Nor do we think the expenses of acquiring and maintaining a yacht were "ordinary" expenses of petitioner's professions. Certainly in the common usage of the word it is not "ordinary" or usual for a lawyer or accountant to maintain a yacht for the promotion of his business. It is extremely doubtful, from a business standpoint, that the remotely possible future income that might be produced by this means would justify the expenditure. In fact, promotional and advertising expenses of any kind do not ordinarily appear in the profit and loss statements of either lawyers or accountants.

We recognize, as petitioner urges, that the business success of a lawyer or an accountant rests upon the clients who may seek his professional services. We recognize moreover that these clients often come from the contacts—business, social, personal, or political — which a professional person, for whatever purpose and by whatever means, may develop or cultivate. Petitioner further requests that we recognize the fact, which we do, that generally a professional person should broaden his contacts in the interests of his practice, although the efforts may be long in producing tangible results. But were we to recognize that expenditures for normally personal pursuits become deductible business expenses simply because they afford contacts with possible future clients without showing a more direct relationship to the production of business income, it is evident that most all club dues and similar expenditures, for example, as well as the expense of appearing at the right place at the right time with the right people, could be claimed as ordinary and necessary business expense. Such would be an unwarranted extension of the scope of the deduction provision here involved. As we said in Louis Boehm, supra at 1109:

We do not think the burden of proof is met by the petitioner's argument that in general, membership in social, political, and fraternal organizations is helpful in obtaining clients through contacts made thereby * * *

The record does not convince us that the operation of petitioner's boat in 1954 was not for primarily personal ends, and that it was proximately related, and was ordinary and necessary, to petitioner's business. Petitioner argues that his points should be self-evident to any professional person. But it is not from a lack of appreciation of the economic realities of professional practice that we hold that nothing within the scope of judicial notice can compensate for the infirmities in petitioner's proof. Welch v. Helvering, supra. On the contrary, we cannot conceive how petitioner's "promotional" efforts in the manner which he has outlined were so closely related to the conduct of petitioner's business or business benefits expected as to have been "appropriate, helpful, usual, or necessary," see Louis Boehm, supra; or how such efforts "would enhance either his skill, usefulness, or reputation as a lawyer" or as an accountant. See Long v. Commissioner, 277 F.2d 239 (C.A. 8, 1960), affirming Chas. D. Long, supra. The conclusion that the expenditures here involved were primarily related to petitioner's pleasure and only incidentally related to his business seems inescapable.

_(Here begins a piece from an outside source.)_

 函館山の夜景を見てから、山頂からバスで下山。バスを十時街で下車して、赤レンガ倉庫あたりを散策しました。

We conclude that the yacht expenses here involved are not deductible as ordinary and necessary expenses of carrying on petitioner's trade or business in the taxable year 1954.

Decision will be entered for the respondent.

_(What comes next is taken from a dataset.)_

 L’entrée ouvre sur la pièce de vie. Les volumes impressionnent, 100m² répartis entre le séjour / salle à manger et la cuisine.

(a) IN GENERAL. — There shall be allowed as a deduction all the ordinary and necessary expenses paid or incurred during the taxable year in carrying on any trade or business * * *


Except as otherwise expressly provided in this chapter, no deduction shall be allowed for personal, living, or family expenses.

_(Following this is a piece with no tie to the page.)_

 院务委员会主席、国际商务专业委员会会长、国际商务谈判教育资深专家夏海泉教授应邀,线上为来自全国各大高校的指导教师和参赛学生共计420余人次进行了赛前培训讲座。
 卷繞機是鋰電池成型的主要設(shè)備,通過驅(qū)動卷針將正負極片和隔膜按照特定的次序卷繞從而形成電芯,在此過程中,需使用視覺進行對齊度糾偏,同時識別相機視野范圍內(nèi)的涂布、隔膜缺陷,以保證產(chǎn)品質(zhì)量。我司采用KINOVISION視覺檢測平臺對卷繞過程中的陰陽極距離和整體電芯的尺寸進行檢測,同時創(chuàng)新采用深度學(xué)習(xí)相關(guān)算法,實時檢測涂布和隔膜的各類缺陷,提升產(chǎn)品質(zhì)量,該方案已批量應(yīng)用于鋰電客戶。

3. In passing, two further points are to be noted. First, petitioner strongly denies that he violated the letter or the spirit of any provisions governing the ethics of either of his professions. Secondly, we do not reach this point of argument, and our holding herein is not in any way grounded upon a finding that petitioner's methods of promotion did or did not violate professional ethics.
4. It is not clear whether these clients and the fees paid by them are attributable to petitioner's individual practices or to his partnerships.